Let us now go forward again to the Gospel account of the multiplication of the loaves. The Gospel tells us: “They all ate as much as they wanted”. As with the manna, so also with the multiplication of the loaves, and so also with the Eucharist. Each person receives from each day’s Mass and Holy Communion, as much as each one wants and needs for that day. Each Sunday, each person receives from that Sunday’s Mass as much as each one wants and needs for the coming week. There is no need to worry anxiously about tomorrow or about next week: the Lord will provide for tomorrow and for next week if we trust Him.  This is why Jesus himself taught us to pray: “Give us this day our daily bread”.

The Mass
The Mass is our sufficient supply of energy-building spiritual food and spiritual “vitamins” for today; tomorrow there is always another Mass. Each Sunday the Lord gives us a sufficient supply for that day and for that week; and next Sunday there is another Mass. From each Mass we receive as much as we need and as much as we want. But how much do we want from Mass? How much do you want from this Mass? How much do I want from this Mass? Mother Teresa’s nuns display in each of their sacristies over the bench where the priest vests for Mass, a notice which says:
“Dear priest of God,
celebrate this Mass as if it were your first Mass,
your last Mass,
your only Mass.”

The same applies to each of us. The words, “We get from this Mass as much as we want”, also means: “We get from this Mass as little as we want”.  Some people are heard nowadays to say: “The Mass is boring. It doesn’t do anything for me”. Are you sure that the fault is not with you, rather than with the Mass?. Have I tried hard enough to deepen my faith, so as to understand the Mass better?  Do I pay enough attention to the readings, to the sermon, to the words spoken by the priest? At Mass, the priest speaks the words of Jesus Christ and acts in the person of Jesus Christ. The priest may have, as I have and as we all have, his particular character and his mannerisms and his foibles, but, at Mass, he acts in the person of Jesus Christ and Jesus Christ is acting through him. Remember that you will get from Mass as much as you want to get from it; if you want little, you will get little.

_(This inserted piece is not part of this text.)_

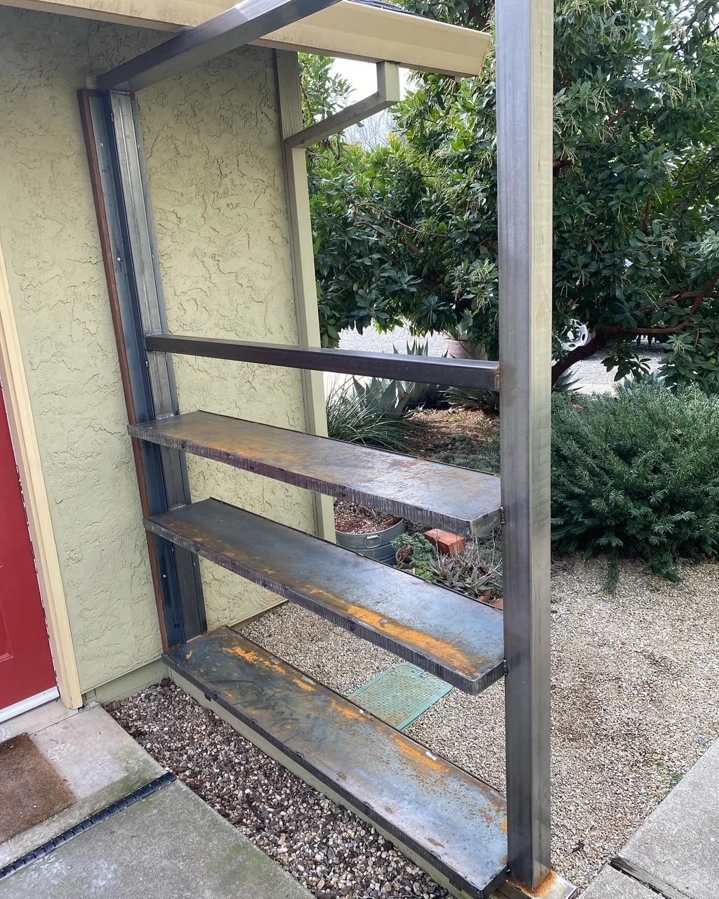 It all begins with an idea. This client had a vision! Remove the existing privacy wall and replace it with a welcoming entryway that was useful and beautiful. On this build we started with rough sketches and rolled with it from there. Not all clients want to participate, but others are thrilled. I thoroughly enjoyed bringing this dream to life. Shelving to support numerous potted plants and river rocks wrapped in steel (frozen in motion). To cap it all off we just had to hand forge a realistic custom agave.

But “little” won’t do. That’s the way of spiritual anorexia; when what we need is spiritual vitamins, and we need them perhaps more today than people ever did in history before. Not only is there very little in our newspapers or television or radio programmes today that will support our faith; there is much that conflicts with it, criticises it, tries to ridicule it; or at least, which offers us a way of life that has no need for God, no place for God, no time for God. To give just one example, behaviour which, until recently, was regarded by all Christians and by very many non-Christians as morally wrong is now presented to us as modern and liberal and progressive and civilised and normal and supported by law and seen as part of the life-style expected of modern and enlightened people. To question this behaviour is to be usually met, not with reasoned argument or debate, but with outrage and name-calling: one will be called a fundamentalist, a reactionary, someone who is harking back to a backward and ignorant Catholic past. This, I have said, is not the language of reasoned debate but is simply propaganda, and indeed a form of spiritual and moral conditioning or brain-washing. It resembles the tactics of some skilled advertisers: attach favourable adjectives to your preferred brand-name so as to bring about “pro-attitudes” to the brand; and, sometimes, add negative adjectives to the rival brand and arouse “anti-attitudes” to it.

What is clear is that we do need spiritual health-supplements nowadays to stand firm against such criticism. We need the Mass as never before. We need to deepen our faith, to strengthen our hope, to increase our charity. But, whatever happens, we have the certainty, which nothing can take away from us, that Christ is with us.  We have the assurance of Christ’s own words: “Do not be afraid. I am with you”. As St.  Paul puts it in today’s second reading:
“I am certain of this: neither death nor life, no angel, no prince, nothing that exists, nothing still to come, not any power or height or depth nor any created thing can ever come between us and the love of God, made visible in Christ Jesus our Lord”. Amen.